» Extracted records
=-=-=

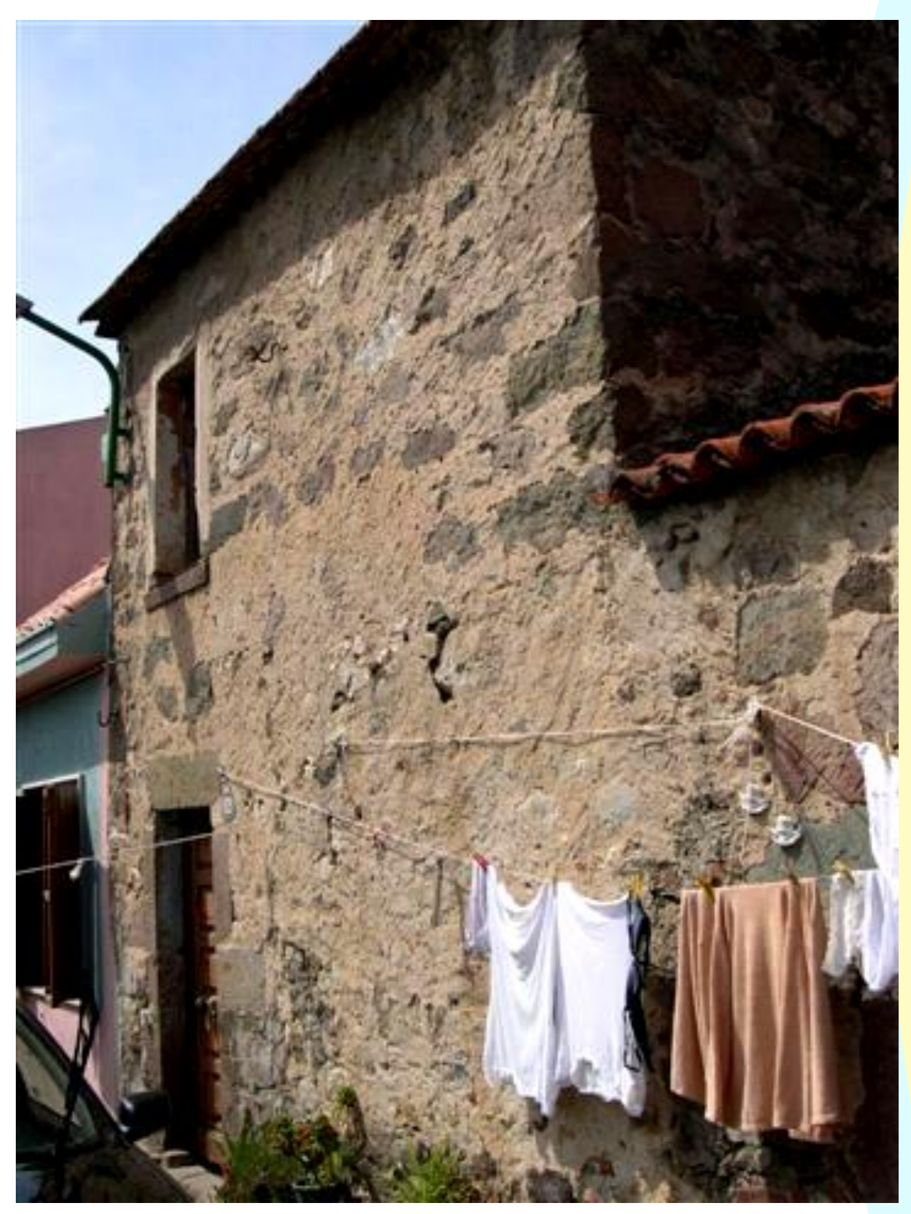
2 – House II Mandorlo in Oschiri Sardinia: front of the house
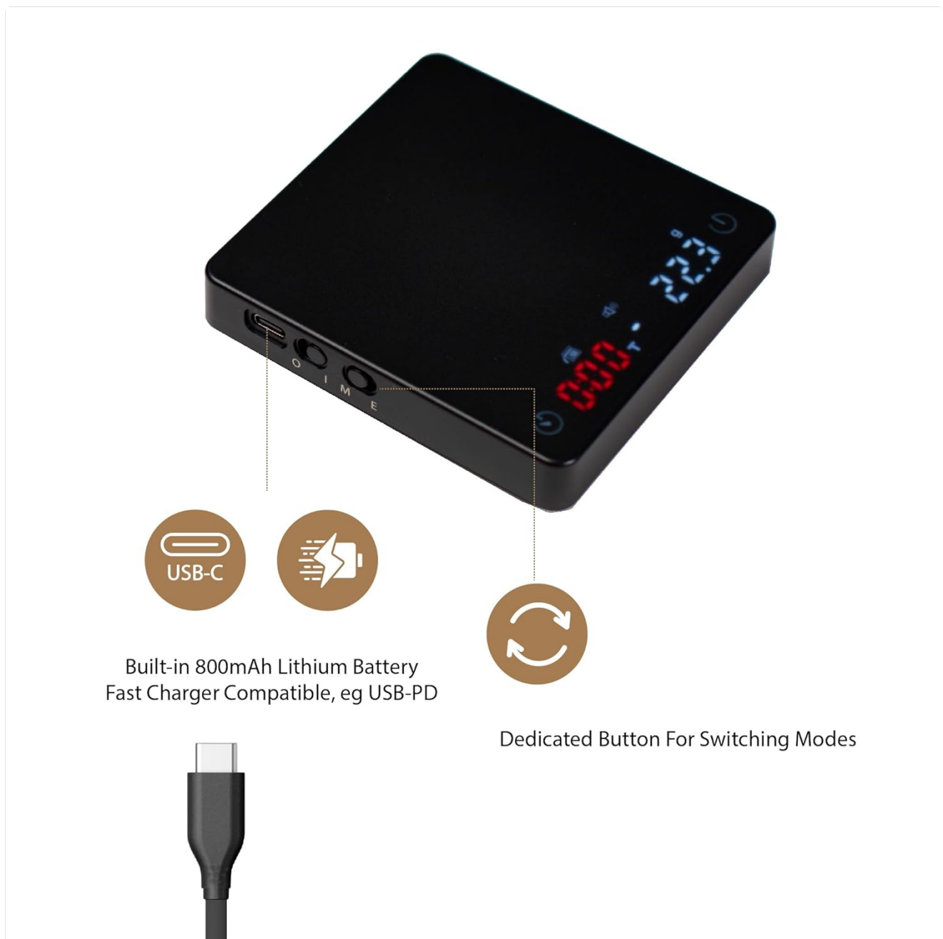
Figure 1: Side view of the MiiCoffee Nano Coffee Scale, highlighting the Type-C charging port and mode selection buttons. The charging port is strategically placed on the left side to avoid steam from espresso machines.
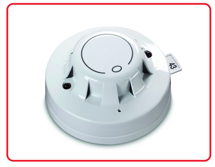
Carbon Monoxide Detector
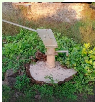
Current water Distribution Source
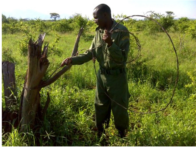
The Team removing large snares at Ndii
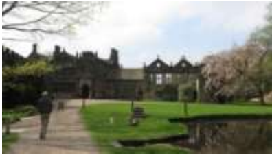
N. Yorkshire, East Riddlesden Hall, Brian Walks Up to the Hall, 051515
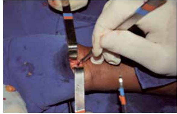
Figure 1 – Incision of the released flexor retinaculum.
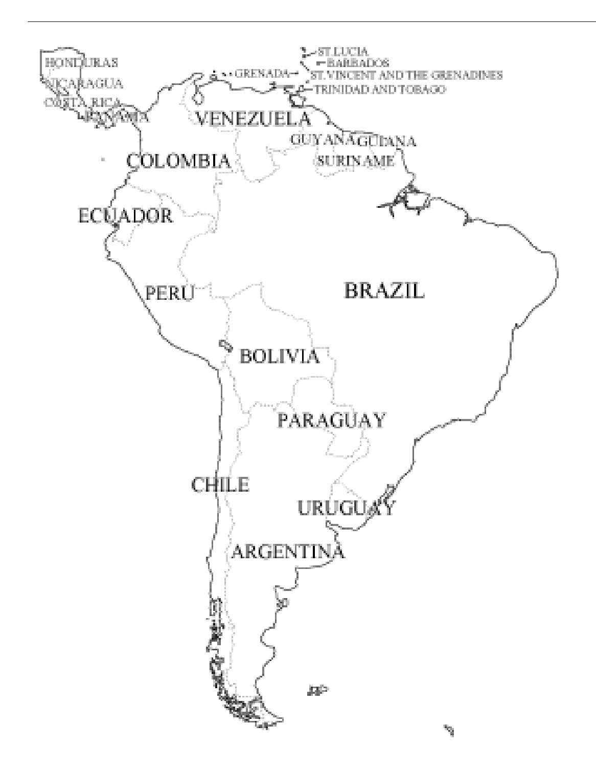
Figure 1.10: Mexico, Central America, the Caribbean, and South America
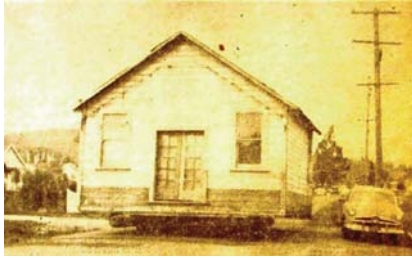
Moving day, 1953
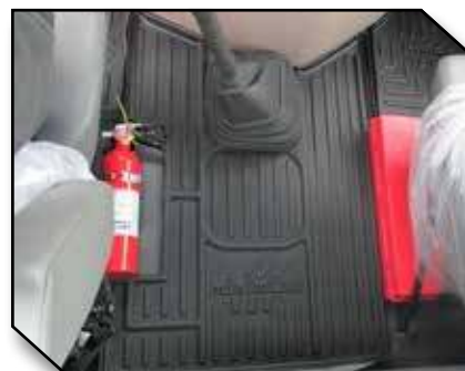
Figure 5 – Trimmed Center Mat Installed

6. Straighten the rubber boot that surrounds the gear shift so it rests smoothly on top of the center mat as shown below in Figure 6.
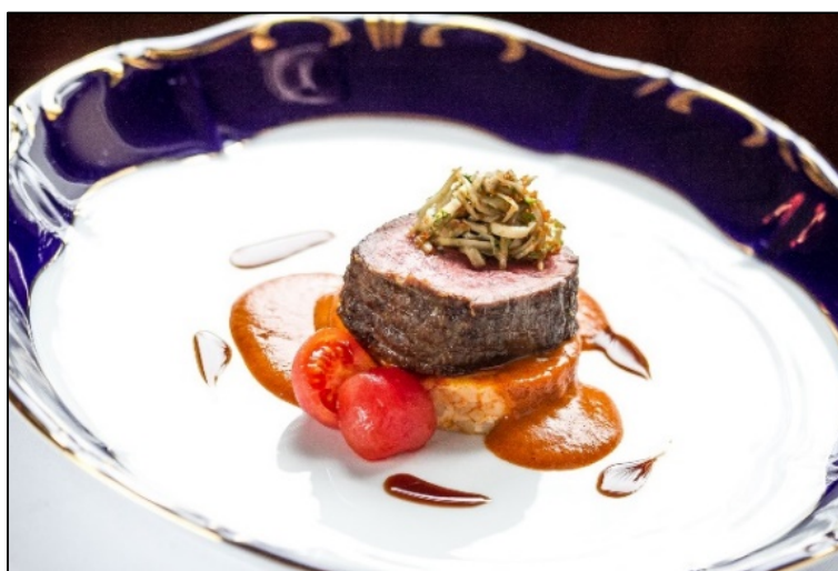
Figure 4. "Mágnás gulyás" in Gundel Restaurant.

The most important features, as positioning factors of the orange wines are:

=-=-=

» Work request
Please repeat the lines that run from the one holding "Current water Distribution Source" to the last line of the material, both included, exactly and without pictures.

» Solution for this task
Current water Distribution Source
The Team removing large snares at Ndii
N. Yorkshire, East Riddlesden Hall, Brian Walks Up to the Hall, 051515
Figure 1 – Incision of the released flexor retinaculum.
Figure 1.10: Mexico, Central America, the Caribbean, and South America
Moving day, 1953
Figure 5 – Trimmed Center Mat Installed

6. Straighten the rubber boot that surrounds the gear shift so it rests smoothly on top of the center mat as shown below in Figure 6.
Figure 4. "Mágnás gulyás" in Gundel Restaurant.

The most important features, as positioning factors of the orange wines are:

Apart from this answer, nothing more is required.